Mobile carbohydrates in Himalayan treeline trees I. Evidence for carbon gain limitation but not for growth limitation
Mai-He Li (1, 2, 3), Wen-Fa Xiao (4), San-Gen Wang (5), Gen-Wei Cheng (2), Paolo Cherubini (1), Xaio-Hu Cai (6), Xing-Liang Liu (6), Xiao-Dan Wang (2) and Wan-Ze Zhu (2)

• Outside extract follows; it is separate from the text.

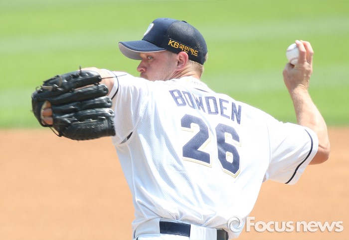 (서울=포커스뉴스) 29일 서울 잠실구장에서 열린 2016프로야구 LG-두산 경기에서 1회초 두산 선발투수 보우덴이 투구하고 있다.

1. Swiss Federal Institute for Forest, Snow and Landscape Research WSL, Zuercherstrasse 111, CH-8903 Birmensdorf, Switzerland / 2. Institute of Mountain Hazards and Environment, Chinese Academy of Sciences, Chengdu 610041, P.R. China / 3. Corresponding author () / 4. Key Laboratory of Forest Ecology and Environment, State Forestry Administration, Chinese Academy of Forestry, Beijing 100091,
P.R. China / 5. Southwest University, College of Agronomy and Biotechnology, Chong-Qing 400716, P.R. China / 6. Institute of Forest Ecology, Sichuan Academy of Forestry, Chengdu 610081, P.R. China / Received June 1, 2007; accepted January 13, 2008; published online June 2, 2008
Summary
To test whether the altitudinal distribution of trees is determined by a carbon shortage or an insufficient sugar fraction
(sugar:starch ratio) in treeline trees, we studied the status of nonstructural carbohydrates (NSC) and their components (total
soluble sugars and starch) in Abies fabri (Mast.) Craib and Picea balfouriana var. hirtella Rehd. et Wils. trees along three elevational gradients, ranging from lower elevations to the alpine treeline, on the eastern
edge of the Tibetan Plateau. For comparison, we investigated a low-altitude species (Tsuga yunnanensis (Franch.) Pritz.) which served as a warm-climate reference because it is distributed in closed montane forests below 3100
m a.s.l. in the study area. The carbon status of T. yunnanensis responded to altitude differently from that of the treeline species. At the species level, total NSC was not consistently
more abundant in treeline trees than in trees of the same species growing at lower elevations. Thus there was no consistent
evidence for carbon limitation of growth in treeline trees. For the three treeline species studied (P. balfouriana and A. fabri in the Kang-Ding Valley and A. fabri in the Mo-Xi Valley), winter NSC concentrations in treeline trees were significantly lower than in lower-elevation trees
of the same species, suggesting that, in winter, carbon is limited in treeline trees. However, in no case was there total
overwinter depletion of NSC or its components in treeline trees. Treeline and low-altitude species had similar sugar:starch
ratios of about three at their upper-elevational limits in April. We conclude that survival and growth of trees at the elevational
or latitudinal climate limit depend not only on NSC concentration in perennial tissues, but also on the maintenance of an
overwintering sugar:starch ratio greater than three.